**Data provided**
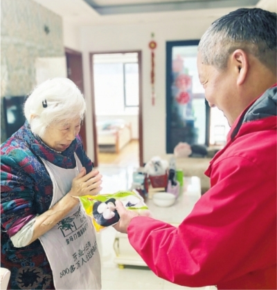 社区党员志愿者为独居老人送汤圆。
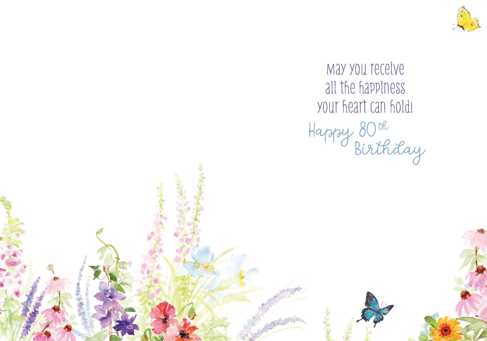 5″x7″ card with colour coordinating envelope. Inside: May you receive all the happiness your heart can hold! Happy 80th Birthday. Printed in Canada
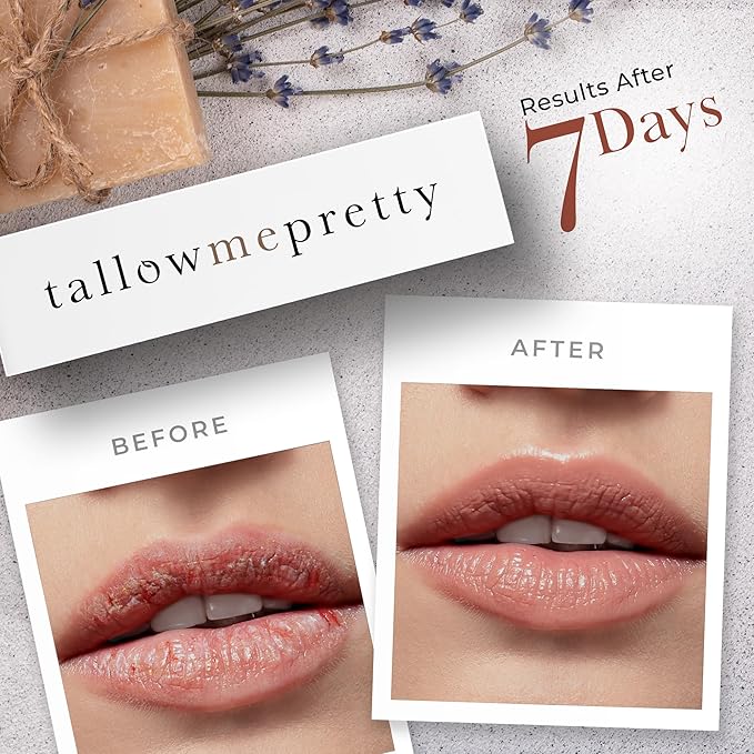 - Round-the-Clock Care: Experience the ultimate in lip care with Tallow Me Pretty’s lip balms; They glide on effortlessly, providing instant relief for chapped lips while forming a protective barrier that shields against peeling, cracking and inflammation

**Problem details**
Begin the copy at the line containing "5″x7″ card with" and end it at the final line of the material above, reproducing each line exactly and omitting pictures.

**Exercise result**
 5″x7″ card with colour coordinating envelope. Inside: May you receive all the happiness your heart can hold! Happy 80th Birthday. Printed in Canada
 - Round-the-Clock Care: Experience the ultimate in lip care with Tallow Me Pretty’s lip balms; They glide on effortlessly, providing instant relief for chapped lips while forming a protective barrier that shields against peeling, cracking and inflammation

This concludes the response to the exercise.